Difference between riociguat group and placebo group in change from baseline to week 52 in secondary endpoints
| Endpoint | Riociguat (n=60) | Placebo (n=61) | Estimate of difference (95% CI) | Nominal p value* |
| ACR CRISS | ||||
| No improvement, n (%) | 1 (1.7) | 4 (6.6) | 0.20% (–13.68 to 14.09)† | 0.977 |
| ≥3 missing criteria, n (%) | 6 (10.0) | 7 (11.5) | ||
| CRISS probability ≥60%, n (%) | 11 (18.3) | 11 (18.0) | ||
| CRISS probability <60%, n (%) | 49 (81.7) | 50 (82.0) | ||
| Mean HAQ-DI (SD), units | ||||
| Baseline | 0.89 (0.67) | 0.69 (0.69) | –0.07 (–0.23 to 0.08)‡ | 0.3529 |
| Change at week 52 | 0.05 (0.38) (n=56) | 0.13 (0.42) (n=52) | ||
| Mean patient global assessment (SD), units | ||||
| Baseline | 3.93 (2.50) | 3.77 (2.34) | 0.79 (–0.12 to 1.69)‡ | 0.0887 |
| Change at week 52 | 0.69 (2.75) (n=45) | –0.02 (2.23) (n=46) | ||
| Mean physician global assessment (SD), units | ||||
| Baseline | 4.33 (2.11) | 4.02 (2.00) | 0.83 (0.11 to 1.54)‡ | 0.0241 |
| Change at week 52 | –0.07 (2.16) (n=45) | –0.75 (2.09) (n=47) | ||
| Mean % predicted FVC (SD), % | ||||
| Baseline | 90.74 (18.52) | 94.82 (17.03) | –0.20 (–3.40 to 3.00)‡ | 0.901 |
| Change at week 52 | –2.38 (7.52) (n=55) | –2.95 (9.73) (n=51) |
*Since the primary endpoint was not met, all other p values cannot be considered statistically significant and are presented for information only.

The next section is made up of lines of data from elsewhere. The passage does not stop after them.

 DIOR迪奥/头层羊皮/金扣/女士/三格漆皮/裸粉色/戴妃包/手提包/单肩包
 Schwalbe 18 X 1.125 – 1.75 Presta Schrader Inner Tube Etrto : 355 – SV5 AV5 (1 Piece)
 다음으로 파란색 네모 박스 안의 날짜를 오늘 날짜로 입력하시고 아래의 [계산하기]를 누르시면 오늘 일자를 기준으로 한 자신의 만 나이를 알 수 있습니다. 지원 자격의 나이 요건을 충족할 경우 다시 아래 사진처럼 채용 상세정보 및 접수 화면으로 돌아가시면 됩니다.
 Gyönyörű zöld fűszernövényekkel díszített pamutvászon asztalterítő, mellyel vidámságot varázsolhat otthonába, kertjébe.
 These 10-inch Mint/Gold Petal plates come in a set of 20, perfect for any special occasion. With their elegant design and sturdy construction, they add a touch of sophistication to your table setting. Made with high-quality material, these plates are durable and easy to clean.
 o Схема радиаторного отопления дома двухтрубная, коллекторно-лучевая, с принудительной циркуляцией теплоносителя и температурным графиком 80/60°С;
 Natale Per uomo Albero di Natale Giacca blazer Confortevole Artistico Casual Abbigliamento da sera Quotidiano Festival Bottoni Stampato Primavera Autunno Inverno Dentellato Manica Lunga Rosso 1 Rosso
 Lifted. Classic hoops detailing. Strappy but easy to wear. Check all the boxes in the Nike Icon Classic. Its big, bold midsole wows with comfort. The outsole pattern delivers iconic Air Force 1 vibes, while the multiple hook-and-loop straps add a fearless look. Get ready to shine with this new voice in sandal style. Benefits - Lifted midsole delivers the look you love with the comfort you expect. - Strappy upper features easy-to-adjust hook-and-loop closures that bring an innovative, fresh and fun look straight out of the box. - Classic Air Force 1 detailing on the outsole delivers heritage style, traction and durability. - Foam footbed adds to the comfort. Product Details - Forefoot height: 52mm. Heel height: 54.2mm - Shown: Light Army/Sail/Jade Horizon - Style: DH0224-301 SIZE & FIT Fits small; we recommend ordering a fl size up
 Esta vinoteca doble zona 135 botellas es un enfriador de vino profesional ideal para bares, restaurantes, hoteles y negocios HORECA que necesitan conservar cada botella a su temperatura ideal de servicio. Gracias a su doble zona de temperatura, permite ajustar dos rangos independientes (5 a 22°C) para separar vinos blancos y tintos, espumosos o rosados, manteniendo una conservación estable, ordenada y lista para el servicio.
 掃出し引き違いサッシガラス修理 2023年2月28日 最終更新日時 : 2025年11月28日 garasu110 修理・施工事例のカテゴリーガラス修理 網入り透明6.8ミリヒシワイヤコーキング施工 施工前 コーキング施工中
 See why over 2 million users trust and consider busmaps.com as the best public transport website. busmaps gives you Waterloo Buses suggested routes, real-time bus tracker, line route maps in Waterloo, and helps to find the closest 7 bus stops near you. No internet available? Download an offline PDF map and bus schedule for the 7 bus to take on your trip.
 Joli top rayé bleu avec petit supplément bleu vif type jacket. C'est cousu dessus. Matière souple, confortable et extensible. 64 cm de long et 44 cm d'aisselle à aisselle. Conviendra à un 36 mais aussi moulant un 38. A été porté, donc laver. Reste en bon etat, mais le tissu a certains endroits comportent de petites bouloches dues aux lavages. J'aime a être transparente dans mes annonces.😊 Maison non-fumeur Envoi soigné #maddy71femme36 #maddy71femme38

†Mantel-Haenszel estimate.
‡Mixed model repeated measures applied with baseline value, treatment group, region, visit and treatment by visit interaction as fixed effects, and subject as a random effect.
ACR, American College of Rheumatology; CI, confidence interval; CRISS, Composite Response Index for Systemic Sclerosis; FVC, forced vital capacity; HAQ-DI, Health Assessment Questionnaire Disability Index.